Library quantitation was performed using Invitrogen’s Picogreen assay and the average library size was determined by running the libraries on a Bioanalyzer DNA 7500 chip (Agilent). Library concentrations were normalized to 4 nM and the concentration was validated by qPCR on a ViiA-7 real-time thermocycler (Applied Biosystems), using Kapa Biosystem’s Library Quantification Kit for Illumina Platforms. Libraries were then pooled at equal volumes and sequenced on Illumina HiSeq2500 rapid runs at a final concentration of 10–16 pM and a read-length of 251 bp paired-end (Illumina V2 Rapid sequencing reagents).

High-throughput sequencing data processing and analysis

Metagenomic data generated for the air samples were processed for adaptor removal and quality trimming with a Phred quality score threshold of Q20 using Cutadapt v. 1.8.130. Two million reads (250 bp) were randomly selected from each sample as a representative set and aligned against the NCBI non-redundant (NR) protein database downloaded on 7/08/2017 using the alignment tool RAPSearch v. 2.1521,22.

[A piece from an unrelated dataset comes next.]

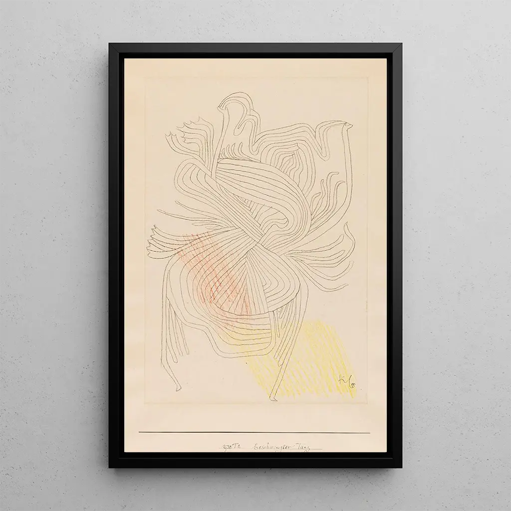 "Danse enjouée" by Paul Klee is a vibrant art print that captures the very essence of joy. The stylized figures, with rounded and colorful shapes, seem to come alive in a festive choreography, evoking a ballet of colors and movements. Klee's technique, which blends watercolor and pastel, creates a light and playful atmosphere, where each shade of color contributes to the energy of the composition. This art print invites celebration and escape, transporting the viewer to a world where dance becomes a metaphor for life. Paul Klee: a pioneer of modern art Paul Klee, born in 1879, is one of the most influential artists of the 20th century, recognized for his innovative approach to color and form. A member of the Bauhaus, he explored the interactions between art and music, seeking to translate complex emotions through simple shapes. "Danse enjouée" perfectly illustrates his unique style, blending abstraction and figuration, and demonstrates his interest in movement and expression. Klee established himself as a master of modern art, leaving a lasting legacy that continues to inspire. A decorative art print with multiple advantages The reproduction of "Danse enjouée" is an ideal choice for those who wish to add a touch of dynamism to their interior decoration. Whether in a living room, a playroom, or a creative space, this art print catches the eye and sparks enthusiasm. Its printing quality guarantees remarkable fidelity to the original artwork, while offering an explosion of colors that will brighten any wall. By incorporating this art print into your space, you add not only a piece of art but also a source of inspiration and joy in everyday life.

Resulting alignments were imported into MEGAN v.5.11.3, which assigns taxon IDs based on the NCBI taxonomy23,24. To achieve the desired taxonomic specificity, we used the following filtering parameters: min score = 100 (bit score), max expected = 0.01 (e-value), top percent = 10 (top 10% of highest bit score), min support = 25 (minimum number of reads required for taxonomic assignment), LCA percent = 100 (naive), min complexity = 0.33 (sequence complexity). Lowest common ancestry (LCA) for each read on the NCBI taxonomy is assigned using MEGAN’s LCA algorithm. In instances where all of the above filtering criteria have been fulfilled, reads are assigned to levels of taxonomic classification ranging from domain to species. In our study, species-level classification is only reached if at least 25 reads uniquely align to a single species in the database with a 100% match on the protein level over at least 50% of the 250 bp read. Due to limits of existing public sequence databases, some sequencing reads did not result in meaningful alignments and were assigned to the ‘no-hits’ category. Unassigned reads are sequencing reads for which low-complexity, repetitive DNA sequences or multiple alignments beyond domain-level are encountered.

Statistical analysis

Seasonal difference in richness, evenness and relative abundances of the microbial taxa was assessed by generalized regression modelling in R v. 3.3.331. Multivariate linear modelling analysis was performed in mvabund package in R v. 3.3.3. To visualize multivariate patterns in microbial communities, Bray–Curtis dissimilarity distances among centroids for each sample series were calculated in vegan package in R v. 3.3.3. Principal Coordinates (PCo) were used as an ordination method. Alfa diversity indices chao1 and Simpson E were calculated in QIIME v. 1.8.032. Cross-correlation analysis was performed in R v.3.3.3.

Meteorological data

The retrospective meteorological data of the local weather station were downloaded from the open source service “Weather and Climate” (http://www.pogodaiklimat.ru/, weather archive information downloaded on 2.10.2018). Meteorological characteristics (temperature, relative humidity, and wind direction) during the time series are represented in Fig. S1 and Fig. S2.